◆ **DIRECTIONS FOR THIS TASK**: Using the records below, output the stretch that opens with the line containing "de especies endémicas." and closes with the line containing "Así como los", exactly and including both lines, with nothing more.

◆ **PROVIDED DATA**:

----

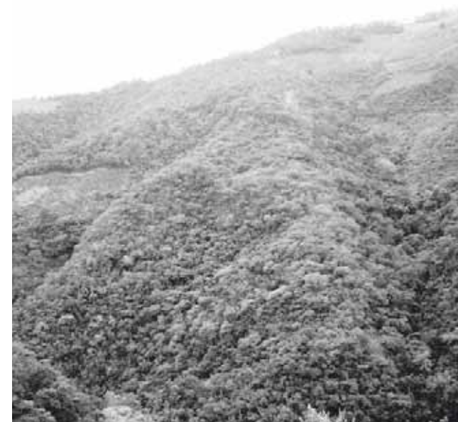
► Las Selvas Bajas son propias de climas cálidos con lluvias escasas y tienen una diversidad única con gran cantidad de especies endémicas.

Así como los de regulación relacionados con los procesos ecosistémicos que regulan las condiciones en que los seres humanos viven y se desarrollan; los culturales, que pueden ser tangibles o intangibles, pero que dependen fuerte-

----

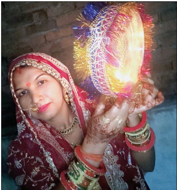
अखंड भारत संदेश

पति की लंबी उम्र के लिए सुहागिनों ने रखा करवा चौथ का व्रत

----

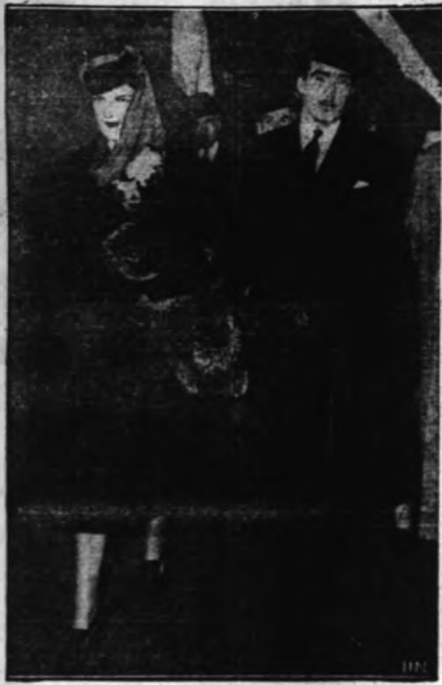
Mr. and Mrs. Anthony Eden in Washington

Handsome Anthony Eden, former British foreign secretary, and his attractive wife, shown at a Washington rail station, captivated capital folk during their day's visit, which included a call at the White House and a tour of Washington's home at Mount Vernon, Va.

----

◆ **OUTPUT BELOW**:
► Las Selvas Bajas son propias de climas cálidos con lluvias escasas y tienen una diversidad única con gran cantidad de especies endémicas.

Así como los de regulación relacionados con los procesos ecosistémicos que regulan las condiciones en que los seres humanos viven y se desarrollan; los culturales, que pueden ser tangibles o intangibles, pero que dependen fuerte-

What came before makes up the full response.